"Coloque-se no seu lugar.", dissera ele, a frase que terminara qualquer diálogo que poderiam ter.
Ama visualizara o potro branco, mas não questionara e ele não mostrara os chifres, relevara as Esperanczas no chão quando já tinha o ouro necessário, não voltara a proferir discursos sobre a magia e como isto provara o senso. Ela deixara de falar quando não achava que ele ouvia bem. O silêncio era aterrador. Ela não aceitara mais que ele fizesse um curativo em seu braço, a ela era mais uma trivialidade desnecessária e, quando Ama levantara a mão contra o peito dele, fora clara: "Não gosto de estranhos tocando-me."
Ela subira para sua cama para fazer o curativo, seu espaço mais pessoal.

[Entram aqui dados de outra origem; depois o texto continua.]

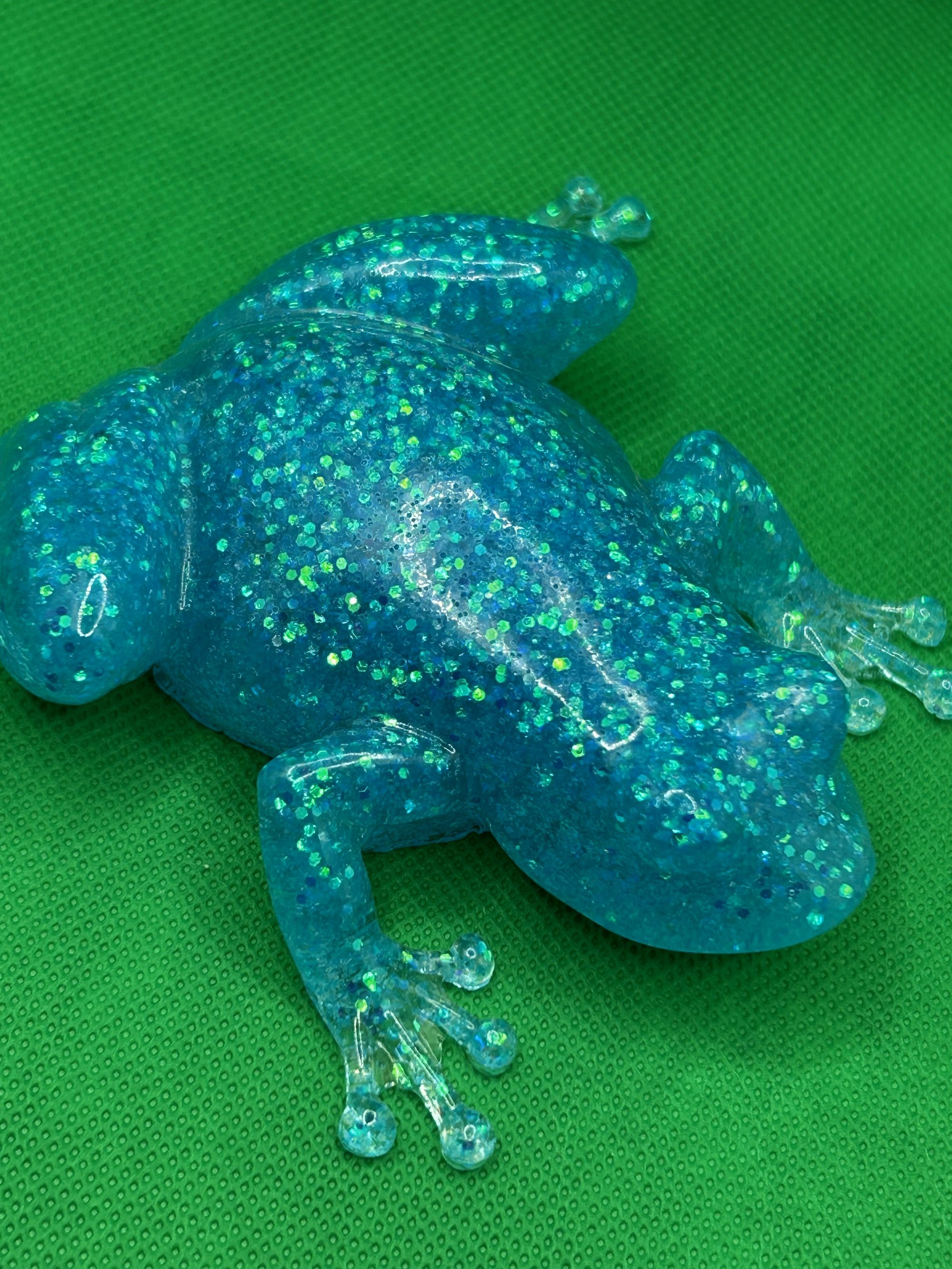 The Azure Sparkle Hopper is a charming resin frog figurine cast in vibrant ocean-blue resin and infused with shimmering glitter that catches the light beautifully. Its smooth, glossy finish and playful pose highlight fine details like webbed toes and rounded contours, giving it a whimsical yet polished look. This little frog feels magical—almost like a creature from a fairy pond—and makes a delightful accent for shelves, desks, terrariums (decorative only), or gift displays.
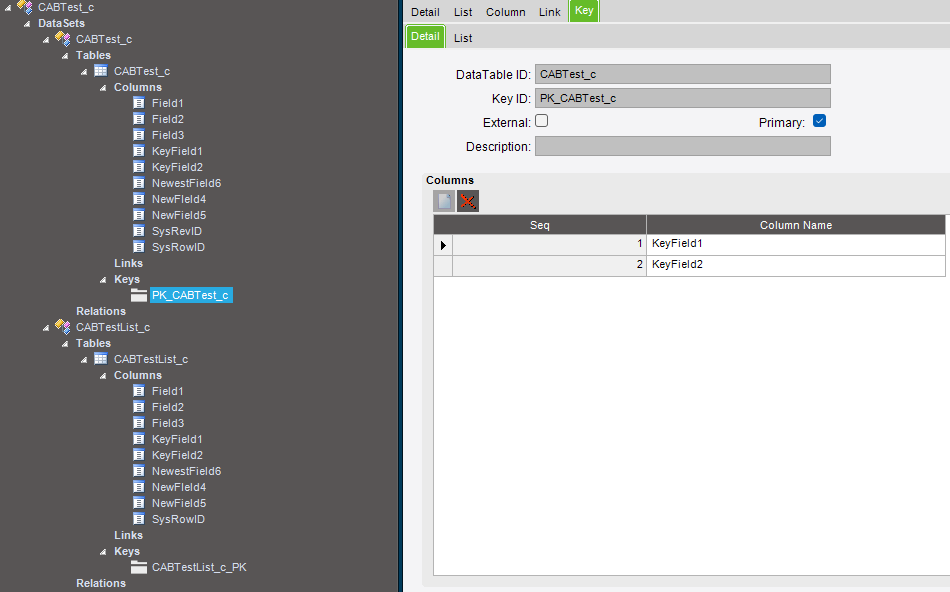 How do you set up your keys? I used the PK_xxx_c key that is generated by default, but changed the fields as shown below. After a number of failed attempts to install solutions, I ended up with a table in my target environment that has the sysrowid as the key and the solution install says āZKeyField: Row has been modified by another user and couldnāt be updated.ā I had selected to āDelete the Previous Installā, which caused the ZBODef and ZDataSet to be deleted, but the delete fails for the ZDataTable with the message āDelete failed for āCABTest_cā. Deletion of ZDataTable records must be done manually.ā We are on prem so I did but it didnāt resolve the problem.

Havia uma pequena janela para o exterior usada para encarar a estrada para a Pólis e ver as mudanças dos céus enquanto protegida, enfaixara o braço com as roupas levemente descidas e usara uma papinha do caule de Esperancza para que o corte, deveras superficial, curasse rapidamente. Atrás de si também havia uma janela dada para a floresta, a distância entre o casebre e uma das árvores retorcidas iniciais era pouca, ela mesma a usava para chegar à cama com rapidez quando criança. Termina em silêncio pleno e se joga na cama de tecidos para buscar um objeto ao seu lado, cada movimento habitual e desinteressado.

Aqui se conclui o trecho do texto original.